Thinking Big

AuthorM. Ayhan Kose and Eswar S. Prasad
PositionEconomist in the IMF's Western Hemisphere Department/Assistant to the Director in the IMF's Asia and Pacific Department

    How can small states hold their own in an increasingly globalized economy?

The term "small state" generally refers to sovereign countries with fewer than one and a half million people (see box). By this criterion, 45 developing countries (41 of the IMF's 184 member countries) are small states. They range from "micro" states, such as Palau and St. Kitts and Nevis, each with fewer than 40,000 people, to Botswana, Gabon, The Gambia, Guinea-Bissau, Mauritius, and Trinidad and Tobago, with more than one million people each (see Table 1).
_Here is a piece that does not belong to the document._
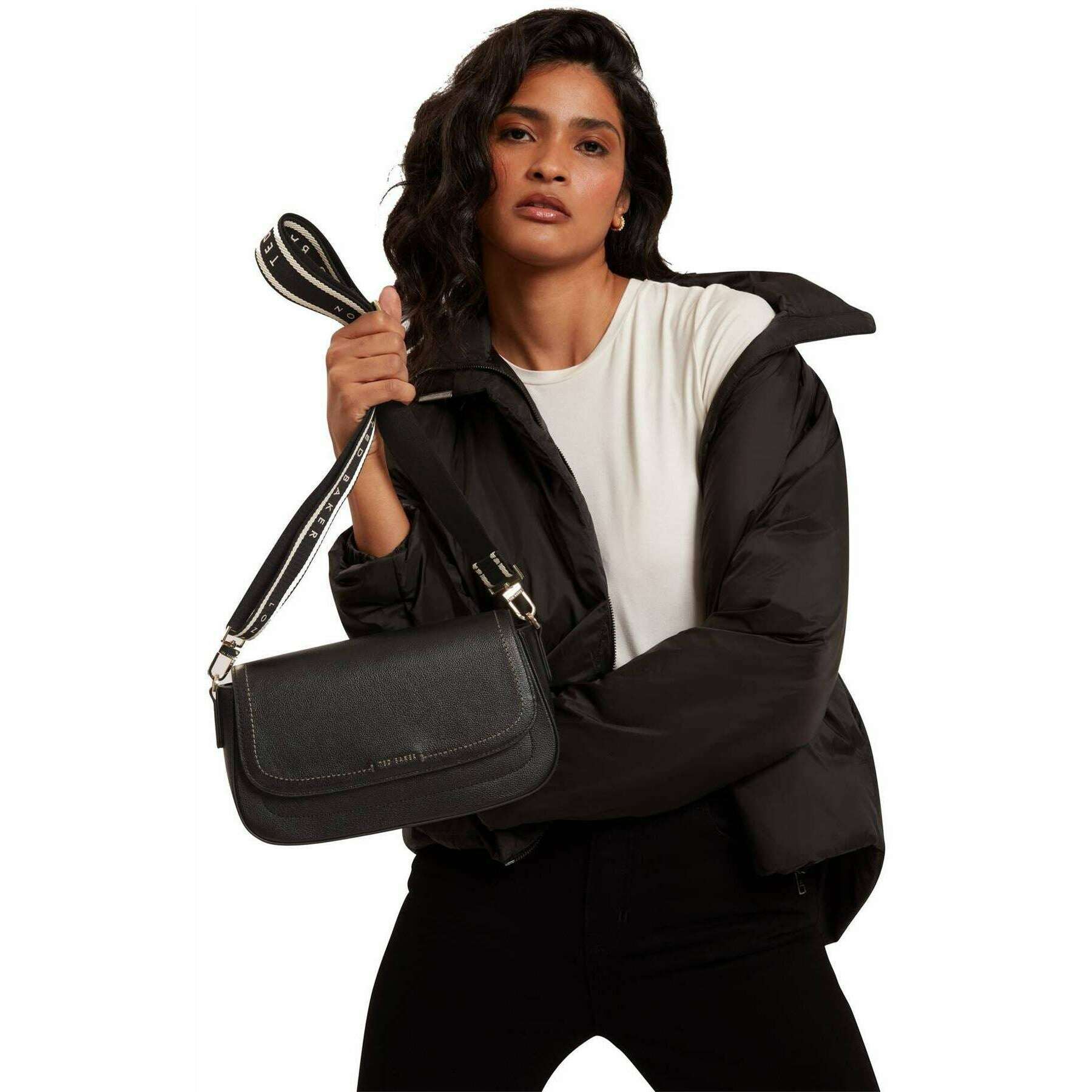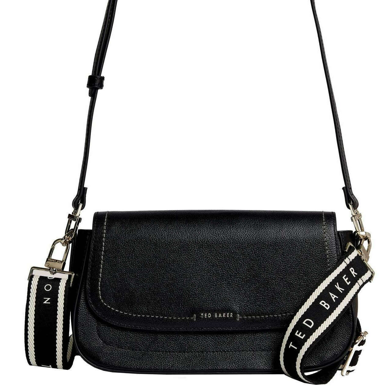 Ted Baker Louiize Leder-Umhängetasche mit Klappe – Schwarz

Are small states different?

Per capita income varies. Small states range from low-income economies, such as Comoros, The Gambia, Guinea-Bissau, and São Tomé and Príncipe (with per capita GNPs of less than $700), to high-income economies, such as The Bahamas, Brunei, Malta, and Qatar (with per capita GNPs of about $10,000 or more) (Table 2). Their per capita incomes are, on average, higher than those of other developing economies. Other indicators of economic well-being, including poverty rates, life expectancy, and literacy, are similar for small states and other developing economies.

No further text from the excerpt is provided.